• TRY IT: The entries below contain a stretch that opens with the line containing "中午12時(shí),開席上" and closes with the line containing "(1)パフォーマンス・コーチ"; set down that stretch exactly, both ends included, and nothing else.

• GIVEN ENTRIES:
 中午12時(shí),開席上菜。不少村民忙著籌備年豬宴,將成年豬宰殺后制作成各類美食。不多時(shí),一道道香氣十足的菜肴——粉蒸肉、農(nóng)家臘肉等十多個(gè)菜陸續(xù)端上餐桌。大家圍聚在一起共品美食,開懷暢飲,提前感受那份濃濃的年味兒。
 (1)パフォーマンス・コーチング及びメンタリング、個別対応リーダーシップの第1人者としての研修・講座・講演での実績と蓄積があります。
--
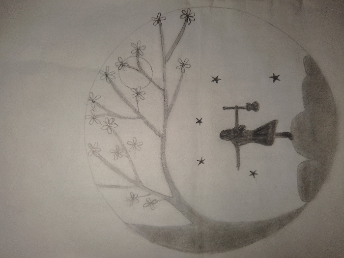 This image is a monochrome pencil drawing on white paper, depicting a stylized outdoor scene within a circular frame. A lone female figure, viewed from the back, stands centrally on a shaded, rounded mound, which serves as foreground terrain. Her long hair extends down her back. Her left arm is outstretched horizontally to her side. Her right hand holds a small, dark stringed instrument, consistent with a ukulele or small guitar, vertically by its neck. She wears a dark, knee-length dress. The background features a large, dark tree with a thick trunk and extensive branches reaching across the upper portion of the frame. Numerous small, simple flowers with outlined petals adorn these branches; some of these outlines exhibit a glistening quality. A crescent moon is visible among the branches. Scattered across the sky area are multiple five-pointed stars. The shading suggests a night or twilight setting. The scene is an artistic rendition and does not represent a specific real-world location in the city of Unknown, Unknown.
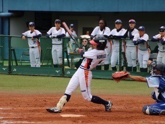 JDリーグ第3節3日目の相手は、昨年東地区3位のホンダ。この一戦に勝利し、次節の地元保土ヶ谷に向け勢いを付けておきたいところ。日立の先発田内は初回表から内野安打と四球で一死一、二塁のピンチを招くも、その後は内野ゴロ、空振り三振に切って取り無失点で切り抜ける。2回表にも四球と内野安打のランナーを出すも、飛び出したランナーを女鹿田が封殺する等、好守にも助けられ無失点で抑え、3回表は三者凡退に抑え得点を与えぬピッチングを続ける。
---
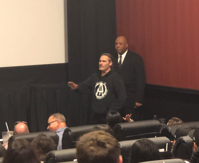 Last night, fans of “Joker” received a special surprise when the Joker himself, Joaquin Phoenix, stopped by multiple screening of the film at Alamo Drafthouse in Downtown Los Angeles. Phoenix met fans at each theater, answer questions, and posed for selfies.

• RESPONSE BOX:
 中午12時(shí),開席上菜。不少村民忙著籌備年豬宴,將成年豬宰殺后制作成各類美食。不多時(shí),一道道香氣十足的菜肴——粉蒸肉、農(nóng)家臘肉等十多個(gè)菜陸續(xù)端上餐桌。大家圍聚在一起共品美食,開懷暢飲,提前感受那份濃濃的年味兒。
 (1)パフォーマンス・コーチング及びメンタリング、個別対応リーダーシップの第1人者としての研修・講座・講演での実績と蓄積があります。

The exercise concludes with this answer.